The sell-by-date had been changed to 2013 on all the cans.

According to what meat company Scan Syd told the paper, the product should have been consumed within ten years of being canned.

When the meat was tested in Poland in 2009, scientists said it was rotting and that eating it would mean a risk of falling ill in food-poisoning.

“Also, the nutritional value is so low that anyone eating large amounts of it would risk malnutrition,” wrote Maria Walczyka of the Warsaw Agricultural University, responsible for the testing, according to SvD.

Following the visit by the agency officers, M&T Company promised to recall the unsold cans of meat from 23 shops that they had supplied of which twenty were in Stockholm and three in Gothenburg.

“The company has had microbiological tests done on the cans which show that the meat is still fit for human consumption. Despite this they have chosen to immediately follow the agency’s orders by stopping the sales and recalling all that has already gone out,” said M&T Company's lawyer Ilhan Aydin to SvD.

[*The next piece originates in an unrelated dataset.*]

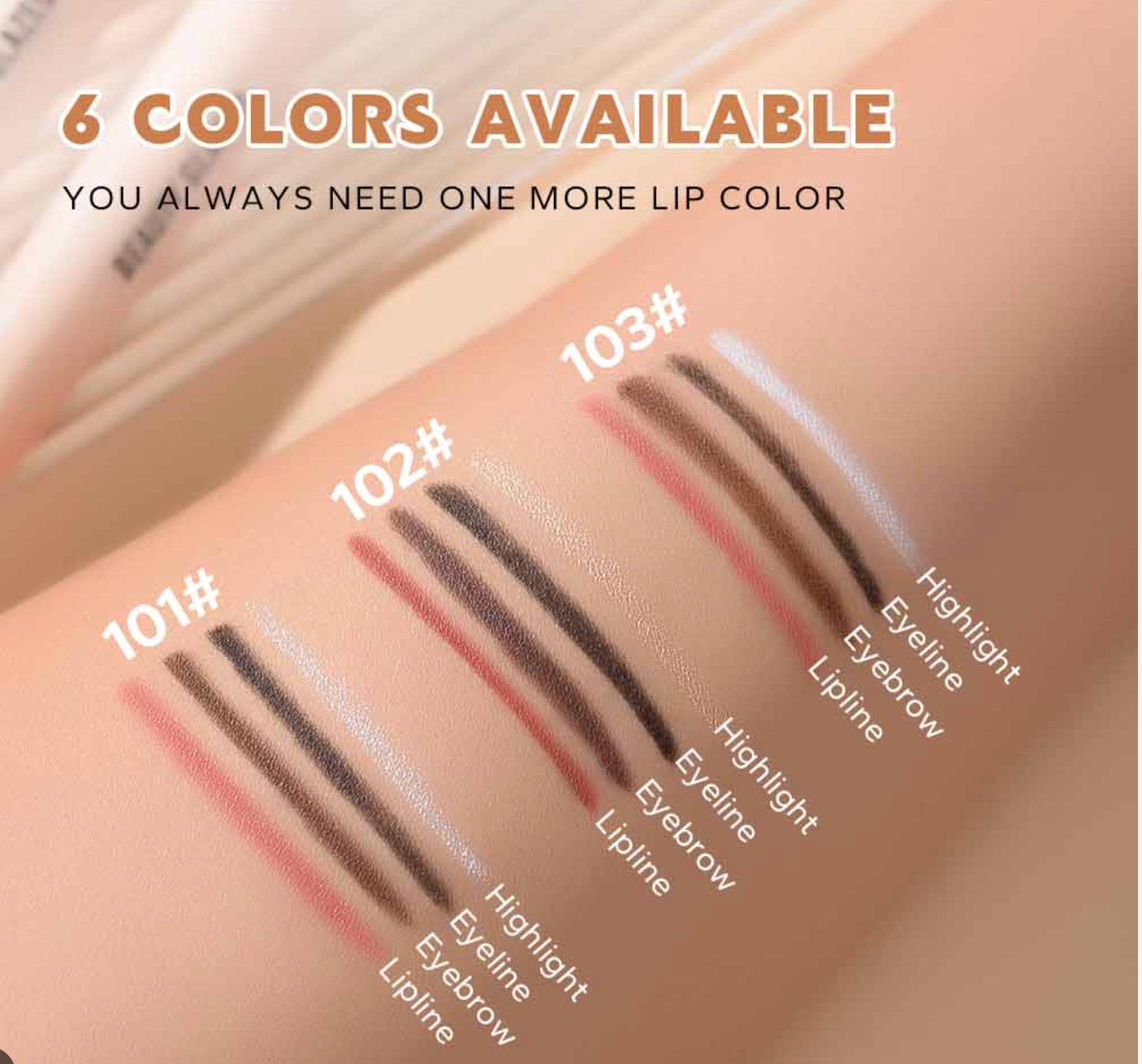 ✅ 4 Functions in 1: Includes Black (Eyeliner), Brown (Brows/Liner), Red/Pink (Lip Liner), and White Shimmer (Highlighter).

The agency initially reported the company, but in February 2012 the preliminary investigation was dropped as the prosecutor deemed it impossible to prove that the company had meant to deceive anyone.

However, the environmental administration intends to appeal.

“If we can’t get someone who sells 19-year-old food charged before a court of law, then we can’t get legal action against anyone,” said Helena Storbjörk Windahl of the agency to SvD.